■ **Data extract**:

Start of Block

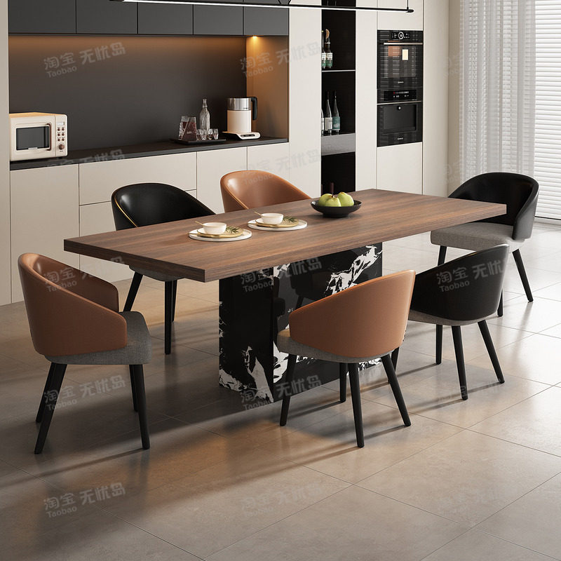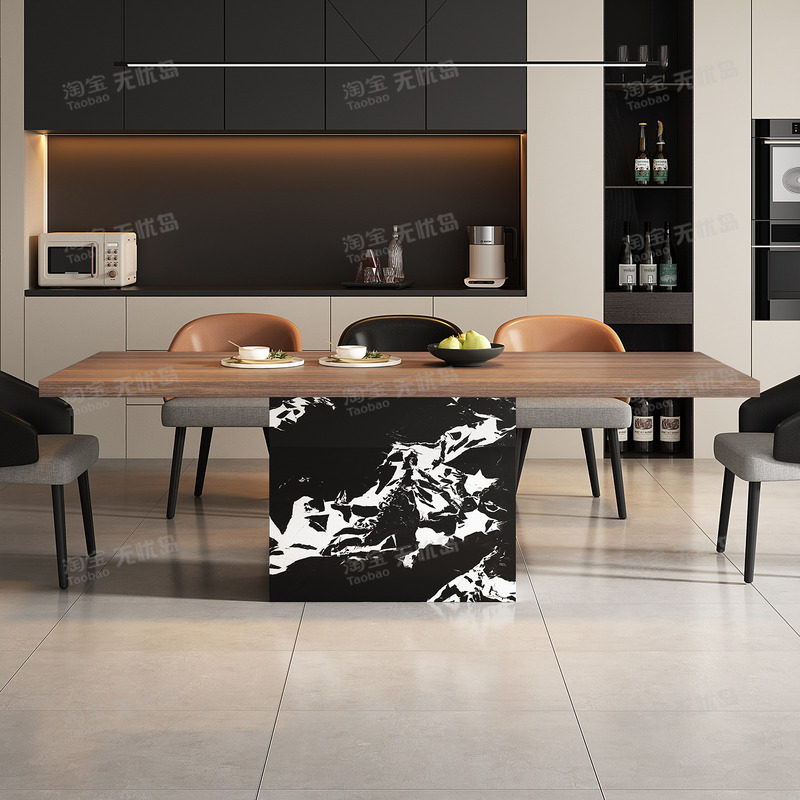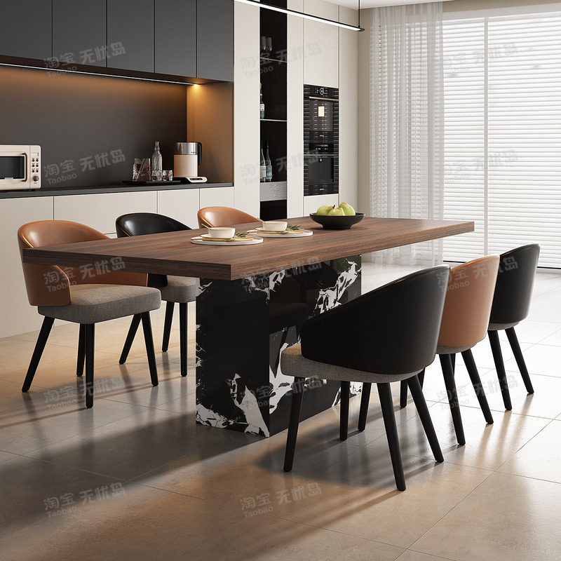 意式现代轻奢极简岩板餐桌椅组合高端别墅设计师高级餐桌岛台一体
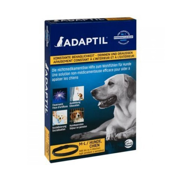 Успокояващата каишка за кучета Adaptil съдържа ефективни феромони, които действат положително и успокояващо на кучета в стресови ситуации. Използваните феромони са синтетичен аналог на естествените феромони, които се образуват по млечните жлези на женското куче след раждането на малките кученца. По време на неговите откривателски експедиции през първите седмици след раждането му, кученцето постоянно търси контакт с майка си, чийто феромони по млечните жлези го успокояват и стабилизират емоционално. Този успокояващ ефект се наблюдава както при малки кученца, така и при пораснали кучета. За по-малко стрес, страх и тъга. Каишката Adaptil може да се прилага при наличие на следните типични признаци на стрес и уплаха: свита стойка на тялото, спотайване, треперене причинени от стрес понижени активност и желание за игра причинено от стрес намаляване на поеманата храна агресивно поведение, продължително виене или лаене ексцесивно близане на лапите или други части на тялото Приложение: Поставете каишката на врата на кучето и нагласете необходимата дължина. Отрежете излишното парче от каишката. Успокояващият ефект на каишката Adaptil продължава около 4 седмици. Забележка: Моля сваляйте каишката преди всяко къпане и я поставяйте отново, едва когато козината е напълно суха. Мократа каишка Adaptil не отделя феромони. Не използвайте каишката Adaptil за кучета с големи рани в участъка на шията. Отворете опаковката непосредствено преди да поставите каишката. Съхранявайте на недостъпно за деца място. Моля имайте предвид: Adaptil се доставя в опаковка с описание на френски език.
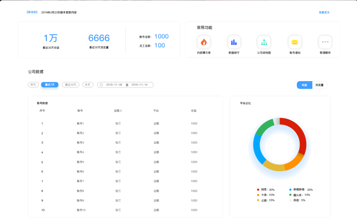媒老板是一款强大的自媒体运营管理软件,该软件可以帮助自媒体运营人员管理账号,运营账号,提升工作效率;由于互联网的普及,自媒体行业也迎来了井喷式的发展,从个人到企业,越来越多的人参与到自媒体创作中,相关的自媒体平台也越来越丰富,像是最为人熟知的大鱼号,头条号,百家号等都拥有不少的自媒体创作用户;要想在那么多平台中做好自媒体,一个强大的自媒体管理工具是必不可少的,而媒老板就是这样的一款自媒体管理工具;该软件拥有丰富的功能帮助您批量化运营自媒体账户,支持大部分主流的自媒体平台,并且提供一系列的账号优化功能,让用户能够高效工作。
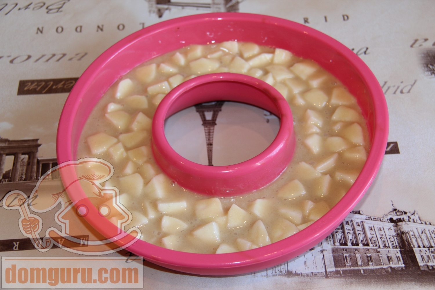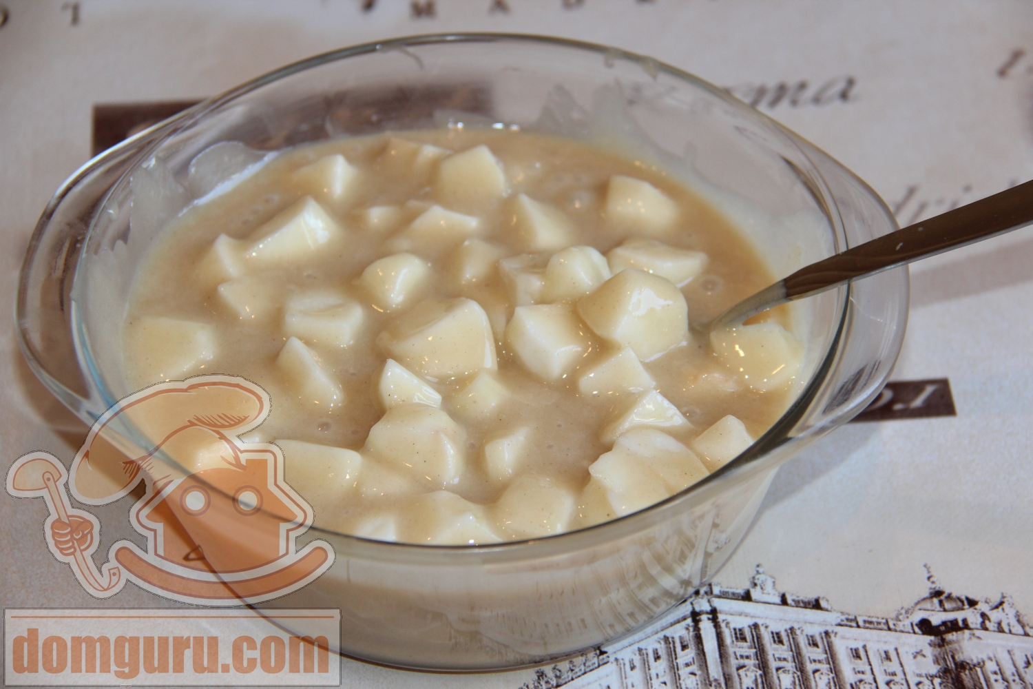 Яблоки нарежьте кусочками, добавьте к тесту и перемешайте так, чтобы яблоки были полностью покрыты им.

End of Block

■ **What you are asked to do**: The data above should be repeated exactly, minus any pictures.

■ **Completed exercise**:
 意式现代轻奢极简岩板餐桌椅组合高端别墅设计师高级餐桌岛台一体
 Успокояващата каишка за кучета Adaptil съдържа ефективни феромони, които действат положително и успокояващо на кучета в стресови ситуации. Използваните феромони са синтетичен аналог на естествените феромони, които се образуват по млечните жлези на женското куче след раждането на малките кученца. По време на неговите откривателски експедиции през първите седмици след раждането му, кученцето постоянно търси контакт с майка си, чийто феромони по млечните жлези го успокояват и стабилизират емоционално. Този успокояващ ефект се наблюдава както при малки кученца, така и при пораснали кучета. За по-малко стрес, страх и тъга. Каишката Adaptil може да се прилага при наличие на следните типични признаци на стрес и уплаха: свита стойка на тялото, спотайване, треперене причинени от стрес понижени активност и желание за игра причинено от стрес намаляване на поеманата храна агресивно поведение, продължително виене или лаене ексцесивно близане на лапите или други части на тялото Приложение: Поставете каишката на врата на кучето и нагласете необходимата дължина. Отрежете излишното парче от каишката. Успокояващият ефект на каишката Adaptil продължава около 4 седмици. Забележка: Моля сваляйте каишката преди всяко къпане и я поставяйте отново, едва когато козината е напълно суха. Мократа каишка Adaptil не отделя феромони. Не използвайте каишката Adaptil за кучета с големи рани в участъка на шията. Отворете опаковката непосредствено преди да поставите каишката. Съхранявайте на недостъпно за деца място. Моля имайте предвид: Adaptil се доставя в опаковка с описание на френски език.
媒老板是一款强大的自媒体运营管理软件,该软件可以帮助自媒体运营人员管理账号,运营账号,提升工作效率;由于互联网的普及,自媒体行业也迎来了井喷式的发展,从个人到企业,越来越多的人参与到自媒体创作中,相关的自媒体平台也越来越丰富,像是最为人熟知的大鱼号,头条号,百家号等都拥有不少的自媒体创作用户;要想在那么多平台中做好自媒体,一个强大的自媒体管理工具是必不可少的,而媒老板就是这样的一款自媒体管理工具;该软件拥有丰富的功能帮助您批量化运营自媒体账户,支持大部分主流的自媒体平台,并且提供一系列的账号优化功能,让用户能够高效工作。
 Яблоки нарежьте кусочками, добавьте к тесту и перемешайте так, чтобы яблоки были полностью покрыты им.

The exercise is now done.